In 1697, the work inspired by Matthew Poole, Increase Mather and also Philip Henry, was carried forward again by the publication of William Turner's (he was a tutor of Matthew Henry) _A Compleat History of the Most Remarkable Providences_, published by John Dunston, who worked with both Mather and Turner.


----------



## VirginiaHuguenot (Aug 29, 2008)

Another resource in the tradition of studies of remarkable providences is Robert Wodrow's _Analecta_:

Links and Downloads Manager - Educational Links - Analecta -- Robert Wodrow - The PuritanBoard


----------



## N. Eshelman (Aug 29, 2008)

I thought that it was a list of 5000 quotes on 'closing with Christ' (the Puritan equivolent to accepting Jesus.)

Guess I was wrong.


----------



## VirginiaHuguenot (Oct 3, 2008)

J.H. Merle D’Aubigné died after completing the five-volume set _History of the Reformation of the Sixteenth Century_ and began work on another series, which was a continuation of the former: _History of the Reformation in Europe During the Time of Calvin_. He lived to complete 5 volumes of the latter series, but the last three were completed by his editor and son-in-law, Adolphe Duchemin, following D'Aubigne's notes.


----------



## VirginiaHuguenot (Oct 9, 2008)

Richard Stock's commentary on Malachi was published 15 years after his death and supplemented by Samuel Torshel (Torshell).


----------



## VirginiaHuguenot (Nov 10, 2008)

Abraham Hellenbroek's catechism entitled _A Specimen of Divine Truths_ was expanded after his death to include an introduction to students on how to profit from catechism class, a chapter on the counsel of peace, and a compendium of the principal doctrinal errors of those outside the Reformed Faith. The expanded edition is sometimes referred to the "big Hellenbroek." I don't know the identity of the editor(s) involved.


----------



## Quickened (Nov 10, 2008)

Very interesting! I did not know alot of this information! Thanks andrew


----------



## VirginiaHuguenot (Nov 10, 2008)

Quickened said:


> Very interesting! I did not know alot of this information! Thanks andrew



You're very welcome, brother!


----------



## Marrow Man (Nov 10, 2008)

VirginiaHuguenot said:


> Some classic Reformed writings were completed by friends, colleagues and interested persons after the authors' demise. Their names are sometimes forgotten but they are worth remembering. I'll give some examples below. Any others?

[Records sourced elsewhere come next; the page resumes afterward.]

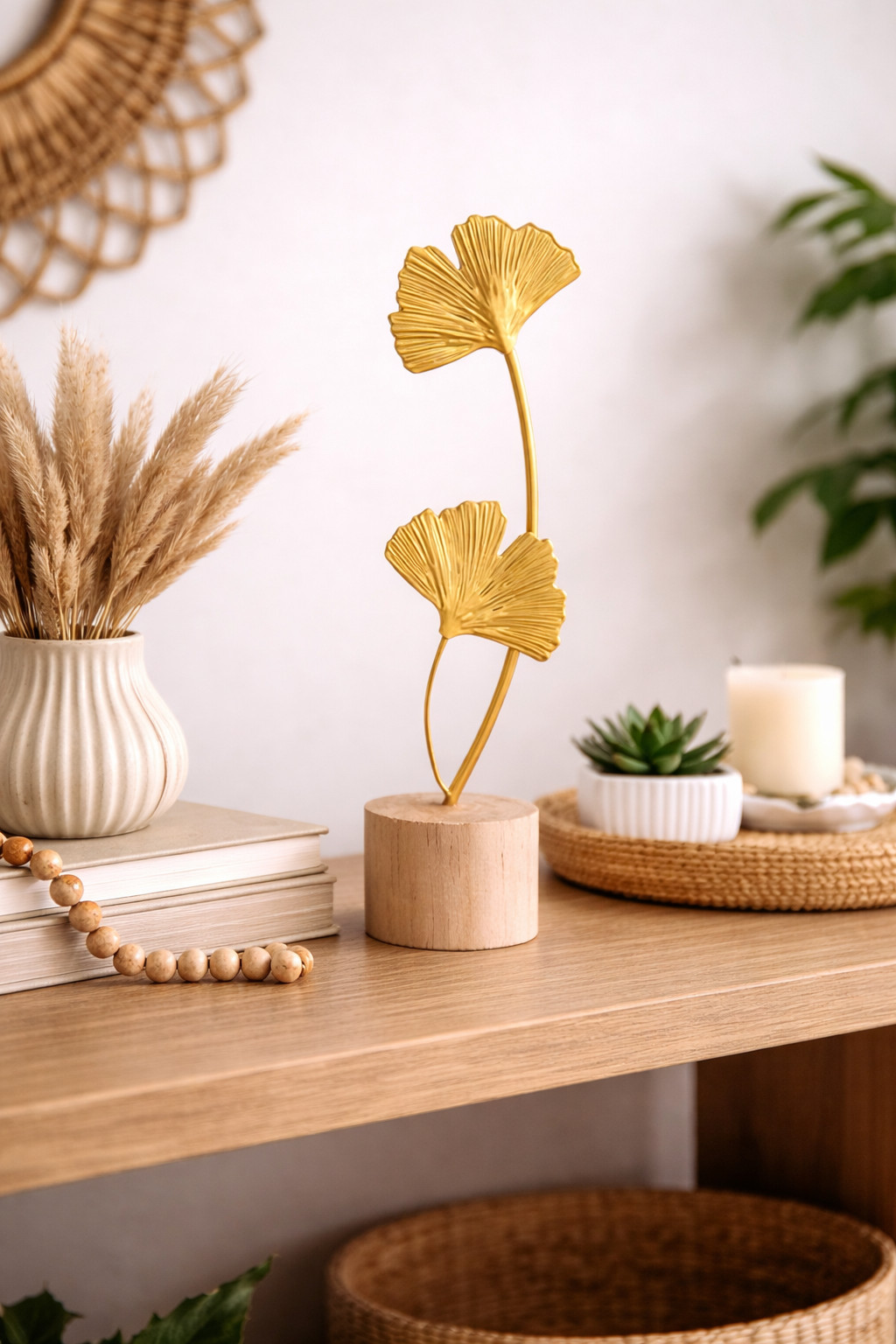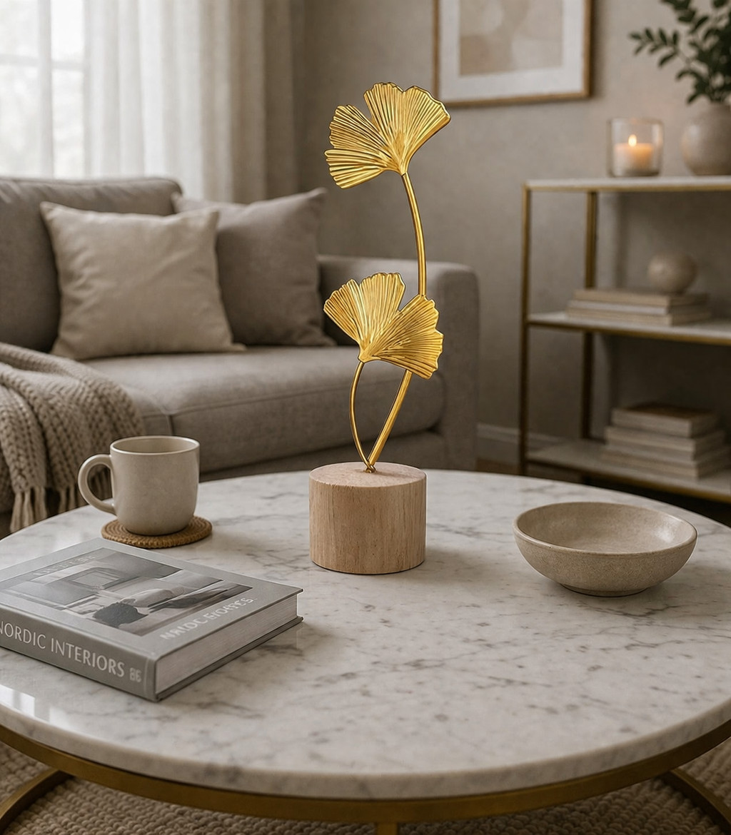 Apportez une touche raffinée à votre intérieur avec cette statue de feuille de ginkgo dorée. Son design délicat et moderne évoque la beauté naturelle tout en sublimant votre décoration ✨.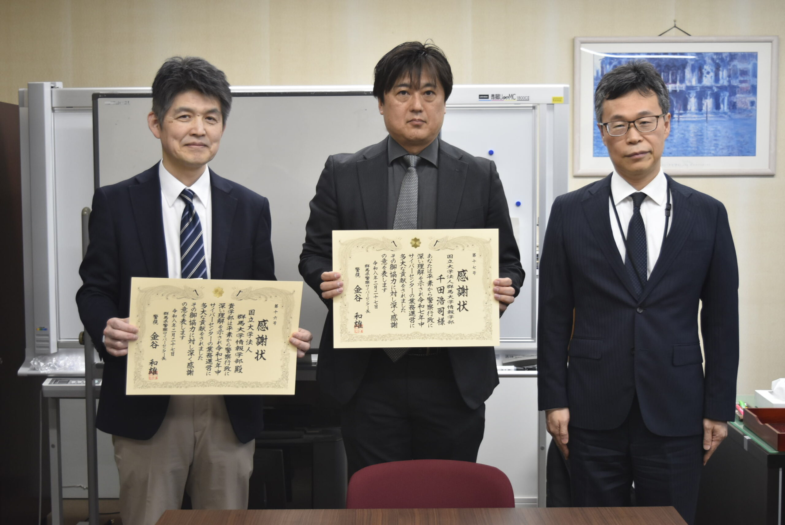 当日は伊藤賢一学部長及び千田浩司准教授が群馬県警察サイバーセンター長 金谷和雄 様から感謝状を受け取りました。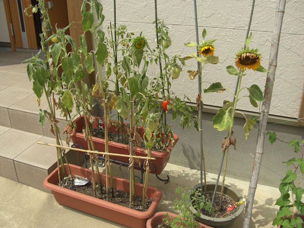 3年前から毎年上の前でひまわりとトマトを育ててるんですが、今年はひまわりは大きな鉢を使って花を大きくできないかと思いチャレンジ、トマトは3種類の品種を植えてます。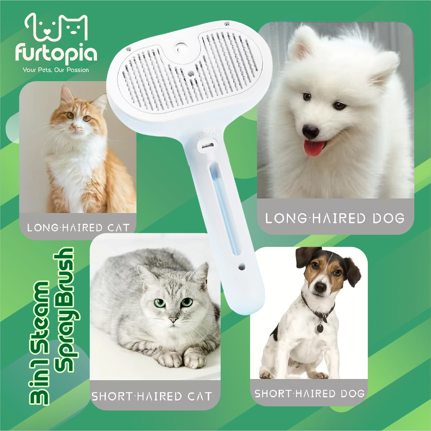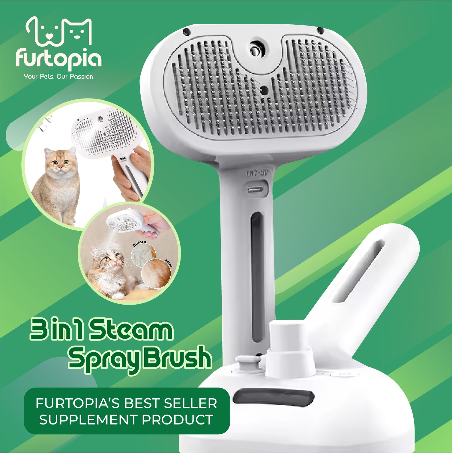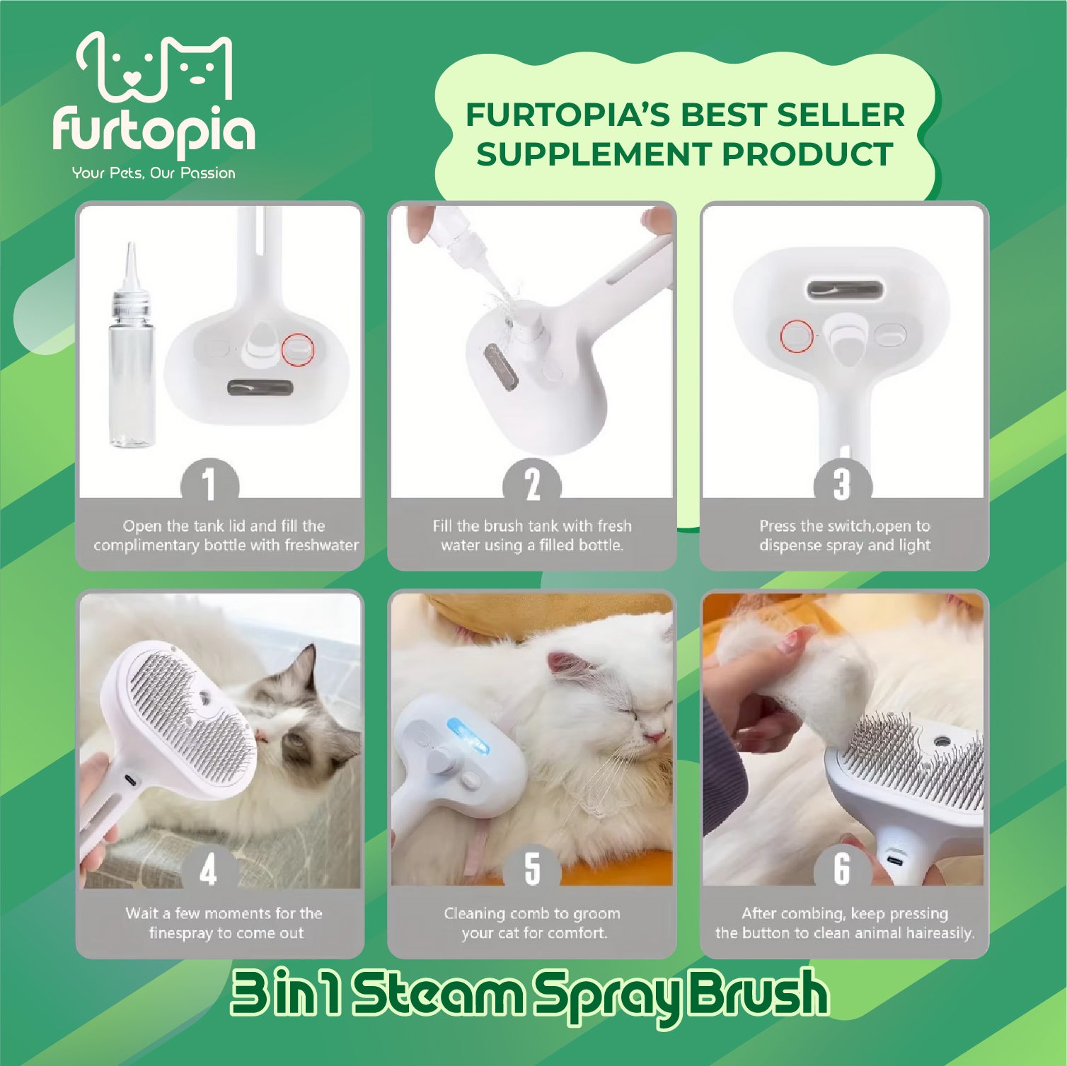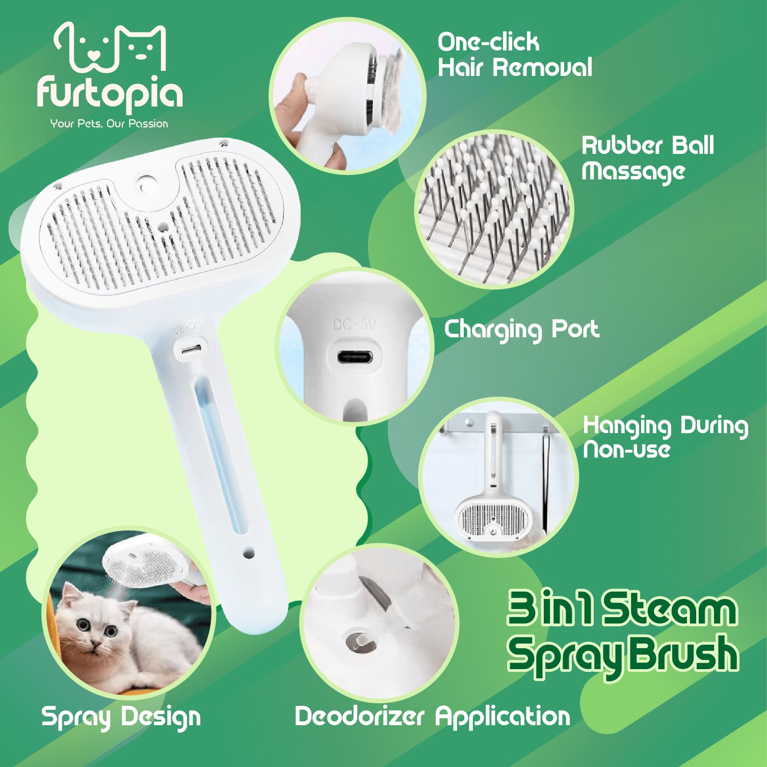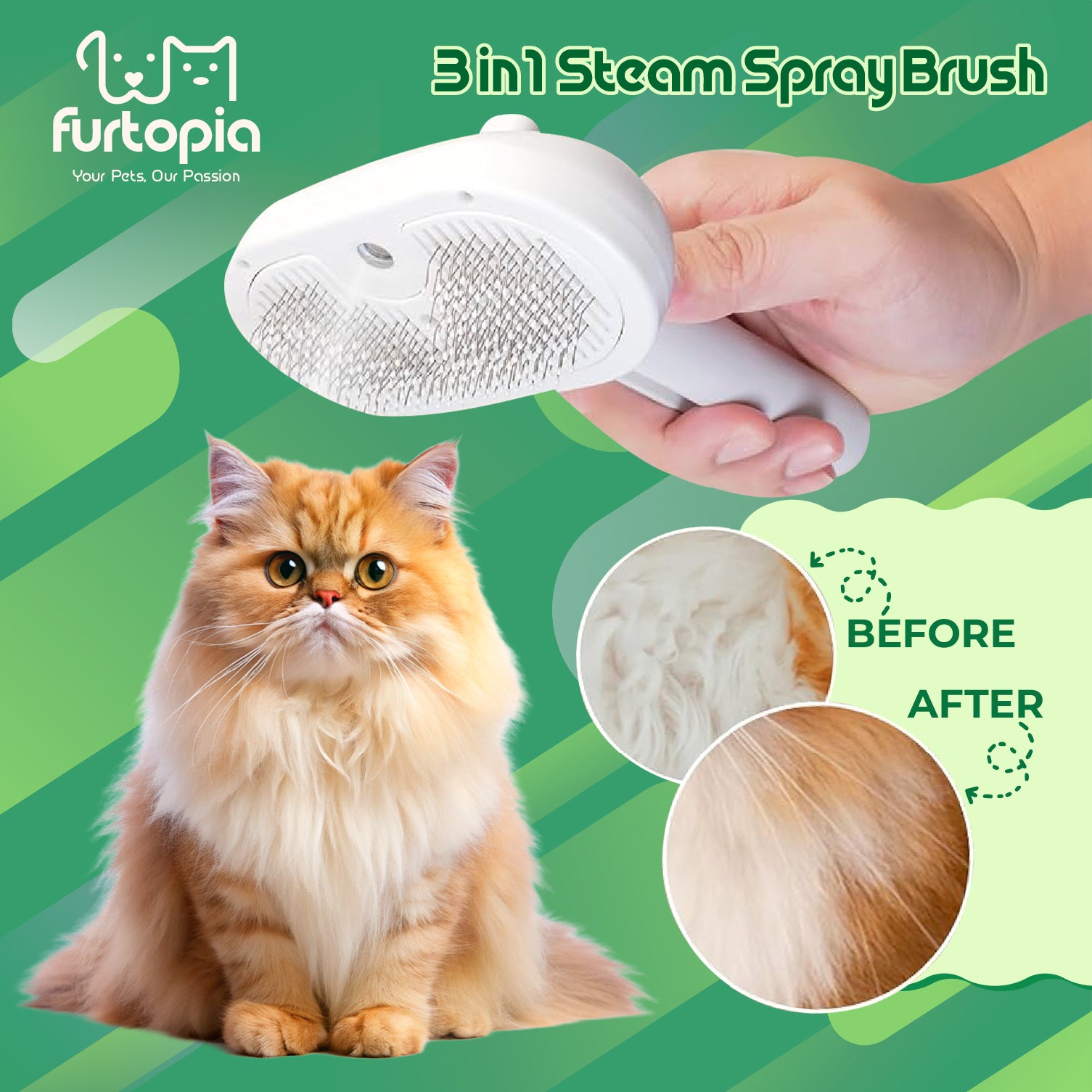 🍀 Ultimate grooming tool for both cats and dogs, no matter the fur type 🍀 Built-in misting feature lets you add water, softener, or deodorizer to reduce static and loose fur 🍀 Stainless steel bristles gently remove dirt, tangles, and shedding while giving a relaxing massage 🍀 One-touch button makes cleaning the brush quick and effortless 🍀 Keeps your pet looking fresh and feeling calm during every grooming session

I've always wondered who were the closers for Deuteronomy and the books of Samuel.


----------



## VirginiaHuguenot (Nov 15, 2008)

G.A. Henty died while in the midst of writing his last novel, _By Conduct and Courage_, which was completed by his son Captain C.G. Henty.

Internet Archive: Details: By conduct and courage; a story of Nelson's days


----------



## VirginiaHuguenot (Dec 14, 2008)

Sebastian Benefield wrote a commentary on Amos 1-3, the last portion of which was published in 1629, before he died in 1630. Thomas Hall supplemented this with a commentary on Amos 4-9.

-----Added 12/6/2008 at 04:52:27 EST-----

Previous post on Sebastian Benefield / Thomas Hall's commentary on Amos was posted on November 25, 2008. Today's post on Chemnitz / Gerhard's commentary on the harmony of the Gospels is posted on December 6, 2008.

Martin Chemnitz began a commentary on the harmony of the Gospels which was completed by Johann Gerhard (3 vol., 1626-1627).

-----Added 12/14/2008 at 09:25:47 EST-----

Today's post is posted on December 14, 2008.

Clement Marot published metrical versions of 52 Psalms. The Huguenot Psalter was completed after Marot's death by Theodore Beza.


----------



## JohnGill (Dec 14, 2008)

*New on the PB*

Andrew's Annotated Bibliography.

I have a bookmark folder just for your threads.


----------